Our country’s founders established that excessive and punitive British taxes were abhorrent, yet still today these same excessive taxes are being applied to our country’s medical cannabis providers. Only this time it is called IRS Code Section 280E, and there is an ongoing battle to reform it. Taxes are the new stronghold when it comes to the federal war on medical marijuana and if reform is not brought about, the medical marijuana community will be more prevalent to such attacks from the IRS. If any change is to come from this, medical marijuana supporters need to stand up and try to bring this reform full circle. All businesses, including nonprofit dispensaries, pay taxes every year. IRS Code Section 280E, however, creates a disconnection between federal and state laws. Since President Ronald Reagan declared the “War on Drugs” and enacted Section 280E in 1982, 18 states and the District of Columbia have legalized or decriminalized medical marijuana (12 states are pending) but while 280E has remained intact, it has also come in direct conflict with a growing number of state laws. It was supposed to ban deductions related to “trafficking of controlled substances.” However, the IRS is now using 280E to stop medical cannabis businesses from making standard business deductions, which leaves them with a substantial tax bill they cannot afford. This is resulting in dispensaries being forced to shut down as a result of a growing number of IRS audits. SECTION 280E: “No deduction or credit shall be allowed for any amount paid or incurred during the taxable year in carrying on any trade or business if such trade or business (or the activities which comprise such trade or business) consists of trafficking in controlled substances (within the meaning of schedule I and II of the Controlled Substances Act) which is prohibited by Federal law or the law of any State in which such trade or business is conducted.”

There are legitimate medical cannabis businesses that want and expect to pay their fair share of taxes. In addition to federal taxes, dispensaries also pay state and/or local taxes. Section 280E was never intended to be applied to legal businesses that file tax returns.

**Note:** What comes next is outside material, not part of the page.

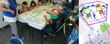 | 内容 | ◆マイバッグづくり A4サイズの布性無地のバッグにスタンプや布用ペイントで自由に描いてもらい自分専用のマイバッグをつくります。マイバッグ作りを始める前に簡単なクイズをしてレジ袋からマイバッグ買い物への啓発を行い、マイバッグと温暖化防止のつながりをレクチャーします。 |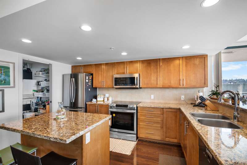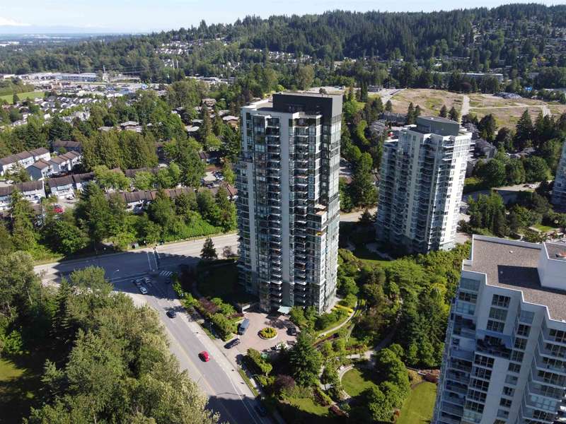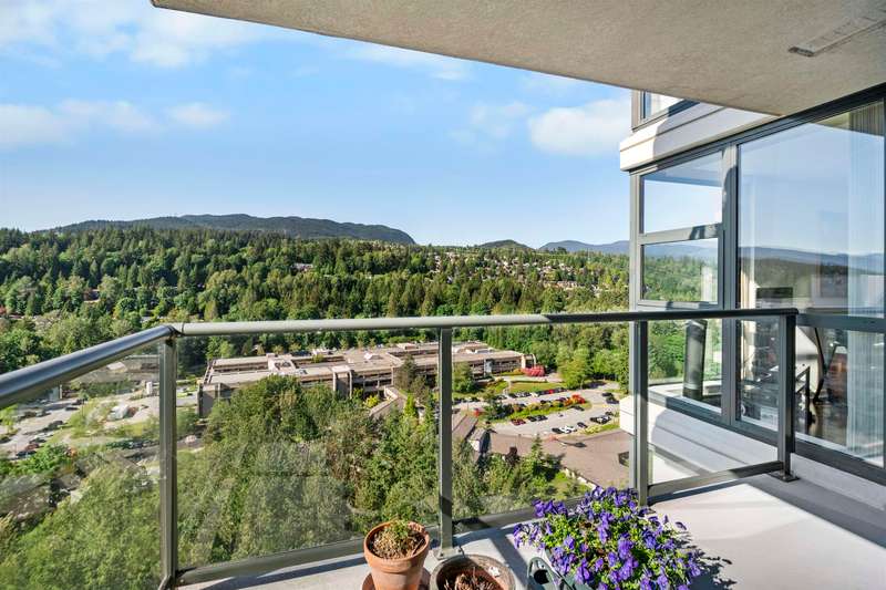 180 Degrees NSW panoramic unobstructed mountain/ocean View from all rooms at The Crescendo! This well maintained luxurious 1670sf corner unit features: walk-in closet & walk-in pantry, engineered wood floors, upgraded S/S appliances, granite countertops, 2 balconies, 2 pkgs & locker. Den can easily be converted into a 3rd BR. 288 Ungless is walker's paradise with the walk score of 91 out of 100. 9-min walk from the Millennium Line at the Inlet Centre Station. Nearby parks incl Pioneer Park & Town Centre Park. Mins walk to Eagle Ridge Hospital, Newport Village. Easy access to Barnet HWY to Vancouver. NO PET! Schools: Eagle Ridge Elementary, Scott Creek Middle & Gleneagle Secondary. Building approved air con installation. Rarely avail! Don't miss this gem!! OPEN Sat & Sun Aug 2 & 3, 2-4pm.

It was originally passed in order to seize ill-gotten gains. The IRS has taken the position that medical cannabis providers are to be considered drugtrafficking organizations, and therefore fall under the purview of Section 280E. Accordingly, the IRS denies deductions for all expenses, including normally deductible items such as rent, payroll and health insurance for employees. Businesses and citizens alike are expected to file and pay taxes to the IRS each year. The difference is that businesses are allowed to reduce their taxable income by taking standard deductions, such as the rent they pay for their space, their payroll, utilities, insurance, and so on. If Section 280E is not changed, the IRS is on course to close more legal provider of medical cannabis in the United States. This means that patients would lose safe access to laboratorytested medicine and would be forced back to the criminal market. They would have to purchase medicine in unregulated and unsafe circumstances, and be exposed to robbery or possible injury. Tens of thousands of wellpaying jobs in the legitimate medical marijuana industry would be abolished, and hundreds of millions of dollars in state tax revenue would be eliminated. Instead of creating jobs and taxes for revenue, it would create a downfall effect of epic proportions in which the medical marijuana industry would have to divert back to black market operations. 280E is endangering the very life-blood of the medical marijuana industry. The IRS is currently auditing multiple medical marijuana organizations nationwide, with more and more coming every week. Most medical cannabis providers are unable to pay these “target taxes” and would be forced to close their doors if these regulations are imposed upon them. Massive closures of legal providers in medical marijuana states could leave patients with no alternative other than the illegal marketplace. Add in to the factor that legitimate businesses will be forced to shut down for no reason and we are left to wonder – does 280E benefit anyone but the IRS?